### TASK DIRECTIONS
Once you reach the line with "Par un chemin" in the material below, copy each line exactly up to and including the line with "Ο Κυριάκος Μητσοτάκης", and skip the pictures.

[[ TASK MATERIAL open ]]

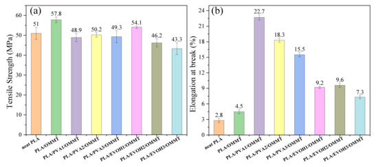 (a) Tensile strength and (b) elongation at break of PLA/PVA/OMMT and PLA/EVOH/OMMT composites.
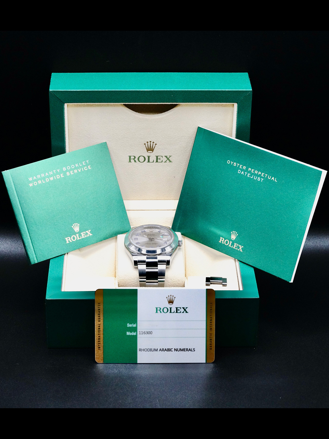 This Rolex 116300 Datejust II is in GREAT condition. This watch includes box, papers, warranty card dated 2017, extra bracelet link. This Rolex watch has been fully authenticated and certified by a 3rd party organization. You’ll receive the certificate of authenticity with your purchase.
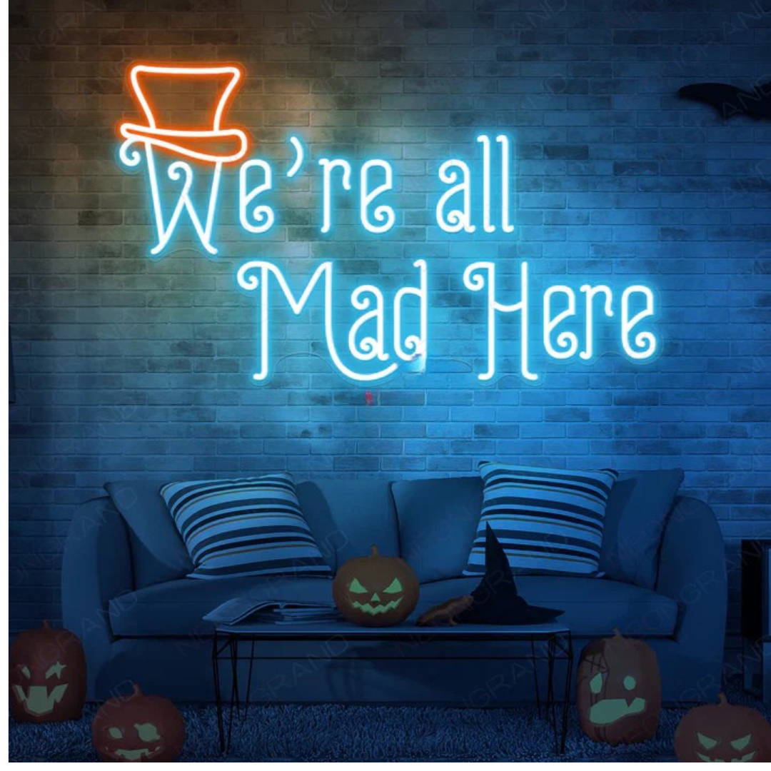 Bring magical vibe to your Halloween décor with the We're All Mad Here LED Neon Sign by LEDNeons. This Sign Inspired by classic spooky tales and eccentric characters.
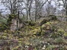 Par un chemin carrossable empierré, nous arrivons au hameau abandonné de Blays dont il ne subsiste que quelques pans de murs et les décombres d’un four banal où nous effectuons une halte café assortie de pâtes de fruit et gâteau sous un ciel gris mais exempt de pluie.
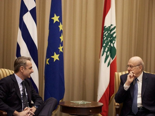 Ο Κυριάκος Μητσοτάκης βρίσκεται σε επίσημη επίσκεψη στον Λίβανο και τον πρωθυπουργό υποδέχθηκε στο αεροδρόμιο της Βηρυτού ο πρωθυπουργός Νατζίμπ Μικάτι.
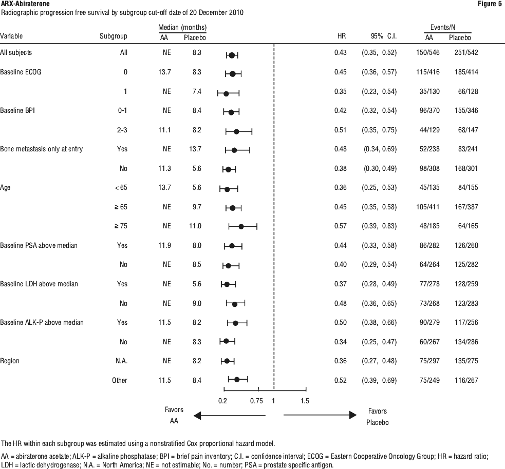 Subgroup analyses of rPFS are presented in Figure 5. The treatment effect of abiraterone on the coprimary endpoint of the independent review of rPFS was consistently favourable and highly robust across all subgroups.
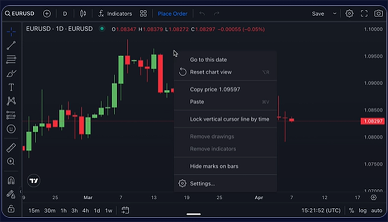 Rewind time with ease using our intuitive backtest tool. Simply right-click on any point in the chart and select “Go back to date” to instantly jump to your desired historical moment. Explore past market conditions and gain valuable insights into how your trading system would have performed in different scenarios.”
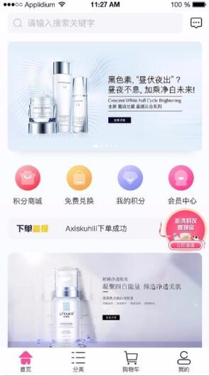 3、按照分类找到想要的护肤品,切换到分类中心即可分类找到需要的护肤品。
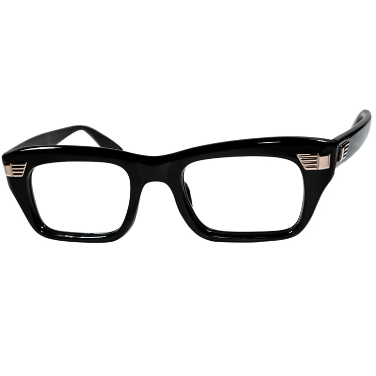 最も良い時代のドイツ製品らしい質実剛健さの極み1950-60s 西ドイツ製デッドストック FRAME WEST GERMANY 金張RIVET採用 ウェリントン 黒size48/20 ビンテージ ヴィンテージ 眼鏡 メガネ 【b0457】
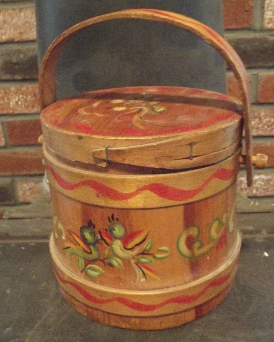 Title (ebay affiliate link): Vintage Small 5" Firkin Wood Sugar Bucket Hand Painted Fruit Design Excellent
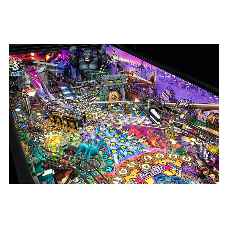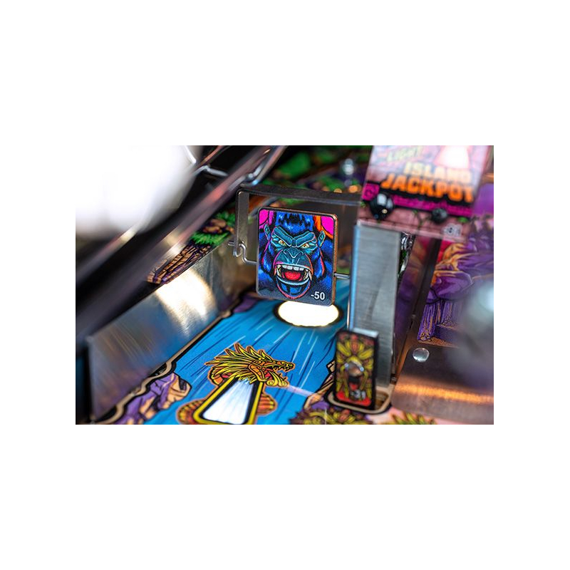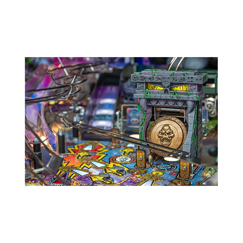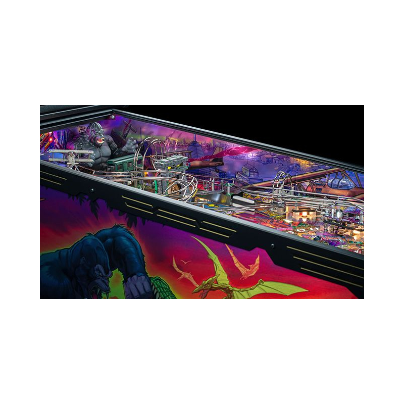 Dans cet univers sauvage, les joueurs explorent Terror Island à travers une aventure scénarisée riche en rebondissements. Chaque partie propose des missions stratégiques, des affrontements intenses et des phases de multiball spectaculaires, où il faut survivre aux dangers de l'île et affronter Kong dans des séquences de jeu impressionnantes. Le système électronique Spike 2 et l'écran LCD couleur haute définition renforcent l'immersion avec des animations dynamiques et des effets sonores puissants.

[[ TASK MATERIAL closed ]]

### SOLUTION BELOW
 Par un chemin carrossable empierré, nous arrivons au hameau abandonné de Blays dont il ne subsiste que quelques pans de murs et les décombres d’un four banal où nous effectuons une halte café assortie de pâtes de fruit et gâteau sous un ciel gris mais exempt de pluie.
 Ο Κυριάκος Μητσοτάκης βρίσκεται σε επίσημη επίσκεψη στον Λίβανο και τον πρωθυπουργό υποδέχθηκε στο αεροδρόμιο της Βηρυτού ο πρωθυπουργός Νατζίμπ Μικάτι.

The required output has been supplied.